BRIAN CLARKSON

17TH MAY 1935 – 17TH APRIL 2017

As with most children born in the mid 1930s, war was the dominant influence of Brian’s early childhood. An unhappy evacuation to Yorkshire which he attempted to end, aged 5, by walking home along the railway line; repatriation to North London to his large working class family; air raids seemingly every night; to school for breakfast and then down to the shelter to catch up on sleep;  – this was the normal rhythm of life. Nor was it dull. When the air raid sirens sounded at night, Brian would wander up to Hampstead Heath and, lying on his back, gaze up at the criss-crossing searchlights as the ack- ack gunners tried to bring down the incoming enemy planes. He would fill his pockets with shrapnel and sell it down the scrap yard; there is always a way to make money out of war.  There were often fresh gaps in the close-packed houses, with only a bare fireplace in the wall to remind one that this was once someone’s home. Occasionally there were more gruesome remnants in the rubble, tangible reminders of the people who had lived there.  Names disappeared from the school register and faces were forgotten. Diving behind the nearest wall when machine gunners from enemy fighter planes strafed kids on the way home from school was the nearest thing to organised sport. Amongst all  this, Brian did all the usual things that small boys do, or should not do but with a few added extras, such as picking up a butterfly bomb and proudly producing it at a school lecture on the dangers of anti-personnel devices.

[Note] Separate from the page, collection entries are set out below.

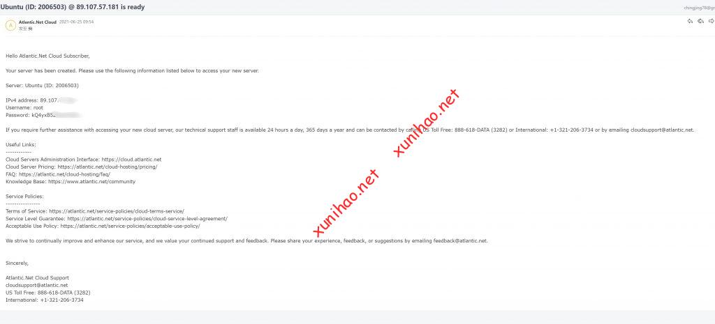 atlantic仍然会发一封邮件告知新操作系统的root及密码信息等 。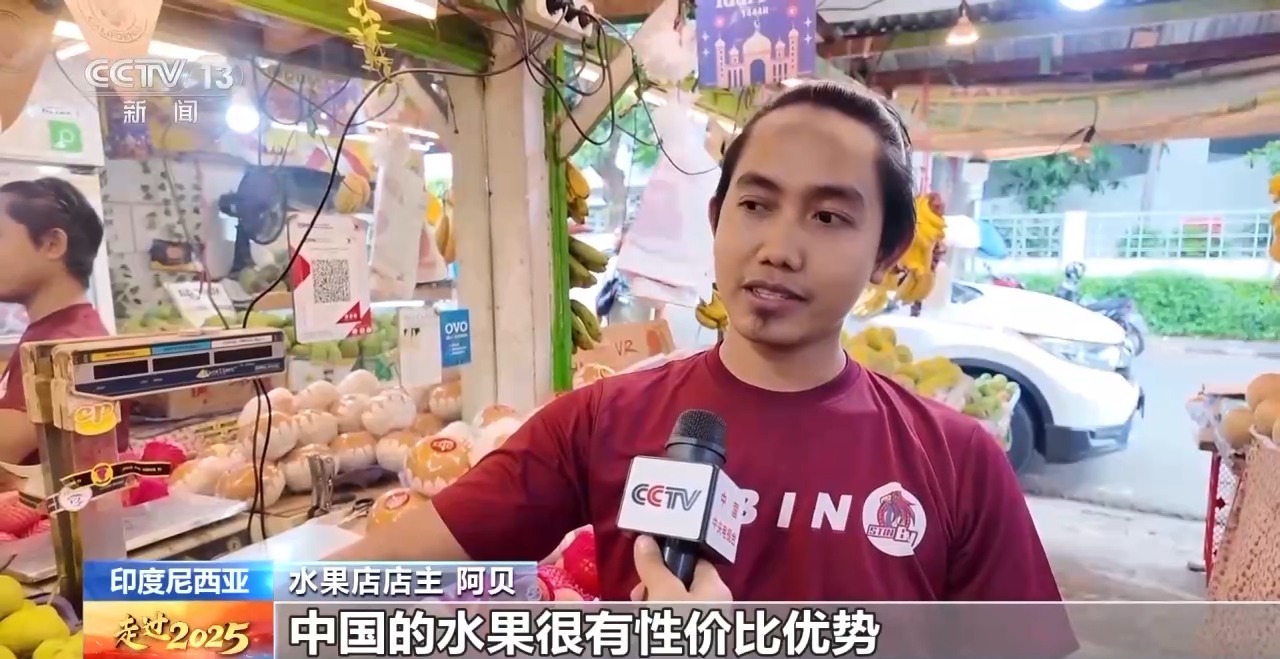 在印度尼西亞雅加達(dá)的街頭,近些年隨著中國—東盟水果貿(mào)易的進(jìn)一步開放,市場(chǎng)上也有了一些新變化。如今,除了在大型的超市和連鎖超市里面能夠看到來自中國的水果之外,路邊隨機(jī)的水果店,也有不少中國元素。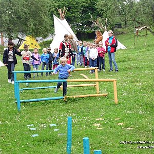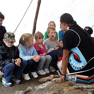 W ubiegłym tygodniu 5- i 6- latki z oddziałów przedszkolnych w Turze wybrały się na wycieczkę do wioski indiańskiej na obrzeżach Bydgoszczy. Już na parkingu czekał na nas Indianin, który przywitał nas tradycyjnym, indiańskim okrzykiem. Każdej grupie nadano nowe imię. Na trzy godziny sześciolatki stały się ,,Dzikimi końmi?, a pięciolatki ,,Sprytnymi lisami?. Podczas pobytu w wiosce dowiedzieliśmy się o zwyczajach i tradycjach panujących wśród Indian, zwiedzaliśmy różne namioty (tipi), oglądaliśmy wierne repliki strojów indiańskich wykonane z tysięcy koralików: koszule wojenne, tomahawki, torby z surowej skóry, słuchaliśmy indiańskiej muzyki, braliśmy udział w przeciąganiu liny, strzelaliśmy z łuku, pokonywaliśmy indiański tor przeszkód , polowaliśmy na fretki, jeździliśmy trójkami na drewnianych nartach. Atrakcją były przejażdżki na koniu i kucyku. Na zakończenie zjedliśmy kiełbaskę pieczoną nad indiańskim ogniskiem, która przez to jakoś lepiej nam wszystkim smakowała.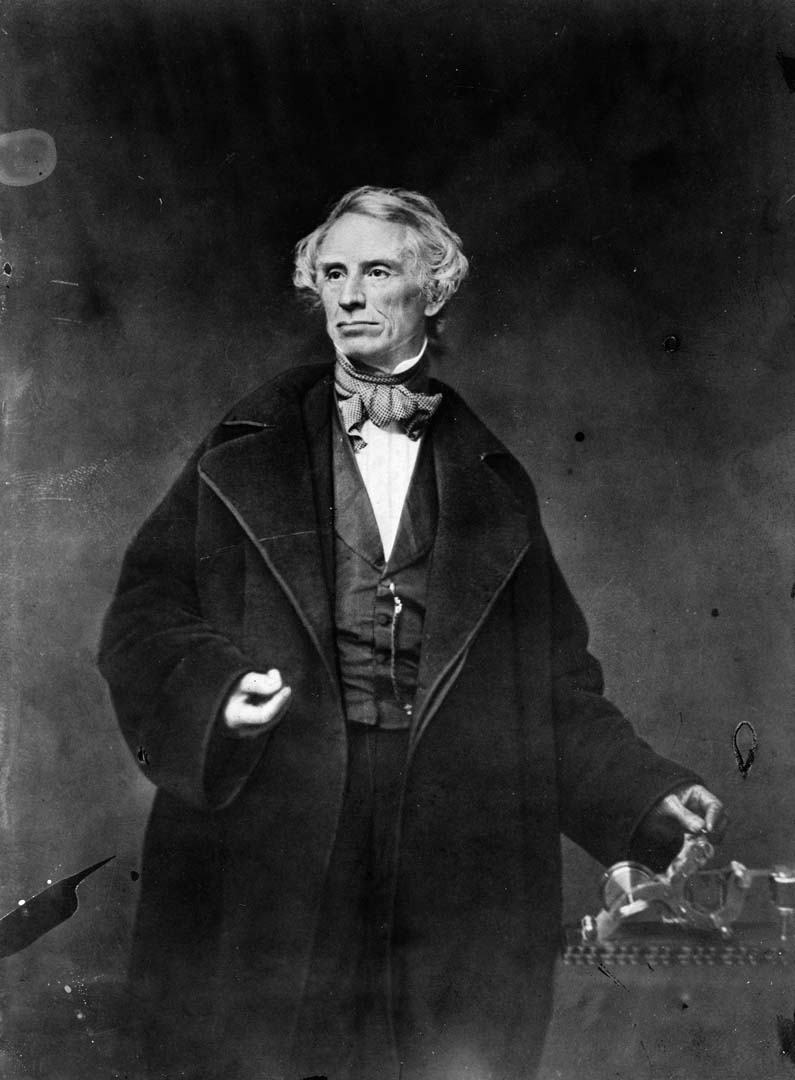 <p><b>Mathew Brady</b>, <i>Samuel F.B. Morse, half-length portrait, posing with left hand on a telegraph apparatus, facing slightly left</i>, c. 1850, photographic print from Brady negative</p>

At what point in his life he actually became a pacifist, Brian is not sure. By the time he came to do his National Service after the war, however, he decided that there was no way he was going to learn how to kill. While never claiming at this stage to be a conscientious objector, he made himself so indispensable at organising sporting and social events for his fellow squaddies that his slightly dubious claims to be unfit for active military duties were never seriously challenged. After a short course at Liverpool University he became a professional Youth Leader working mainly with voluntary youth and community projects in London’s East End. He then became a local government Youth Officer, working successively in Potters Bar, Barnet and Brent. After a stint as Adviser to the Jersey Youth Movement in the 1970s, he finished his career as Chief Youth Officer to the London Borough of Enfield.

Throughout his career his driving motivation was to give young people a better chance, a better start, in life. He was adamantly opposed to all forms of violence, in the home, on the street, on the playing field, towards animals, between communities, by governments and nations. The more committed a Christian he became, the more convinced he was that violence was not God’s way of solving problems so it should not be ours.  He was not interested in fine philosophical arguments or convoluted debates about “just war”. His pacifism was born of experience and strengthened by faith. This was not always an easy position to hold in the Church of England and he was very glad when we finally unearthed the Anglican Pacifist Fellowship online. We became members and served on the governing body until ill-health prevented him from attending meetings.